Secretary of Commerce Gina M. Raimondo said Wednesday that the President Joe Biden administration “has been clear that the unrestricted use of untrusted ICTS poses a national security risk. Beijing has engaged in conduct that blunts our technological edge and threatens our alliances.”
The move will allow the US to collect information from Chinese firms to protect the security of American companies, workers, and American national security, according to Raimondo.
“Trusted information and communications technology and services are essential to our national and economic security and remain a top priority for the Biden-Harris administration,” she said.
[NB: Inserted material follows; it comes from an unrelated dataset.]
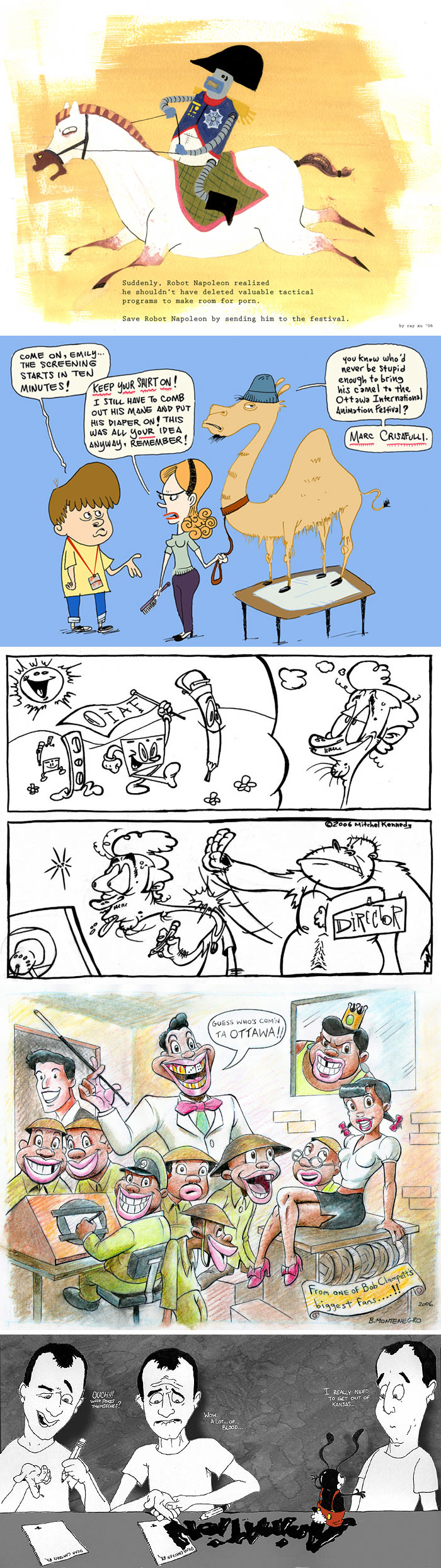 It wasn’t easy but Brewmasters Amid and Jerry have selected the two winners of our Ottawa International Animation Festival 2006 contest. They are Bill Robinson (East Aurora, NY) and Dav-Odd (NYC, NY). Each of these guys will receive a full Animapass (valued at $200Can) to next month’s festival. Their entries are below (click for larger versions). We chose Bill’s not only because it’s a fine tribute to Bob Clampett, who is the subject of a retrospective at Ottawa this year, but because of the extra effort he invested in the layout and typography to create a complete package. Dav-Odd’s piece should hit home for any animation lover: yes, a true animation fan can find things to admire even in a Chiquita banana commercial.

“The Administration is firmly committed to taking a whole-of-government approach to ensure that untrusted companies cannot misappropriate and misuse data and ensuring that U.S. technology does not support China’s or other actors’ malign activities,” she added.
Although the agency did not name the companies, the US Federal Communications Commission designated five Chinese firms this week as “threat to US national security,” including Huawei, ZTE, and Hangzhou Hikvision Digital Technology, Hytera Communications, and Zhejiang Dahua Technology.
Intellectual property rights, technology transfer, and 5G technology have been key and unresolved topics in US-China trade talks during former President Donald Trump administration who wanted American firms to shift manufacturing from China to the US.
US Secretary of State Antony Blinken and National Security Advisor Jake Sullivan are set to meet China’s top diplomat Yang Jiechi and State Councilor Wang Yi today in Alaska.